Style change requested

Let the adventures begin... we currently don't have any mechanism for highlighting or bringing to the foreground (even for just a period) any sort of ranking of importance for features to stand out against others at zooms they might not normally be displayed.

For example, in many cities, small waterways were once more significant than they are today and perhaps have been even paved over.

Case in point: Shockoe Creek in Richmond, Virginia. It's the creek that runs pretty much straight north through the center of Richmond, up from the James River, and then bends west.

Every old map considered this creek significant enough to depict:

1864 Richmond Map image

1856 Richmond Map image

In addition, this creek shaped the naming of a nearby hill (maybe the hill named the creek?) and two different Richmond neighborhoods - Shockoe Slip & Shockoe Bottom.

It was even the border of an expansion of the city boundaries in 1867. image

Now, it's either dried up, had highways built over it: image

Unfortunately, two things are at hand: (1) OSM/OHM doesn't currently render natural=water + water=stream (there's no water=creek tag...) at any zoom... and (2) even if they did, it would not likely do so at browser zoom=13, which the old maps roughly did. image

Users could get around this to some degree by tagging the creeks with water=river, but tagging incorrectly seems to be a much worse practice than adding rendering-specific methods.

So... perhaps we could do the following:

(a) start rendering water=stream at browser zoom=18 or thereabouts for all times: image

and

(b) enable scale_rank tagging so that if this tiny creek were labeled with scale_rank=13, it would start showing up at browser zoom=13. Users could then time-bound that scale_rank such that it would revert to its natural rendering rules as its historical importance diminished.

Affected Tag or Tags

I think we have to add a new tag that will need to be accounted for in our vector tile filters, as well as our stylesheets (or maybe just the vector tile filters?

I'm open to suggestion of a system, but maybe something like: 'scale_rank=[zoom]', where there's a zoom level where you start always including the feature in the vector tiles, but that makes me think we'd also need a rule in the styles... who knows?
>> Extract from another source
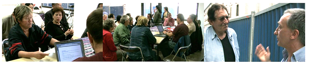 La même année sort La République de Denis Gheerbrant. Aucun aménageur ni représentant politique n’apparaît à l’écran ; le documentaire croise les histoires de vie de quelques habitant·e·s et leur combat pour rester dans leur appartement. Le réalisateur s’est intéressé à l’expérience de ce collectif soutenu par Un centre-ville pour tous, et l’écoute de « l’expérience de chacun » prime. Le projet urbain se heurte alors aussi bien aux trajectoires individuelles et familiales qu’à la pratique d’un groupe d’habitants et d’habitantes mettant en commun leurs problèmes face aux aménageurs.

jeffreyameyer commented 1 year ago

Also - we might use this new scale_rank=* tag to highlight key POIs and other map features at zoom levels where they might not normally be displayed, similar to how Google & others highlight important items today.

1ec5 commented 1 year ago

OSM has always shied away from embedding cartographic hints in the database, because it requires mappers to predict what data consumers would want well into the future. Instead, the onus has been on data consumers to supply their own scale ranks.

For example, OpenMapTiles ranks features by applying heuristics that depend on the feature type. The Mapbox Streets source assigns a filter rank to each feature based in part on the number of Wikipedia language editions that have an article about it, based on Wikidata. Wikidata volunteers publish a QRank dataset that makes it easier to rank geographic features based on various factors.

I suspect that assigning a single scale rank per feature would be less tenable in OpenHistoricalMap than in OpenStreetMap. As you point out, a feature’s importance can change over time. If the map assigns a prominence to each city according to its historical or eventual importance, then the map at any given time will become less coherent.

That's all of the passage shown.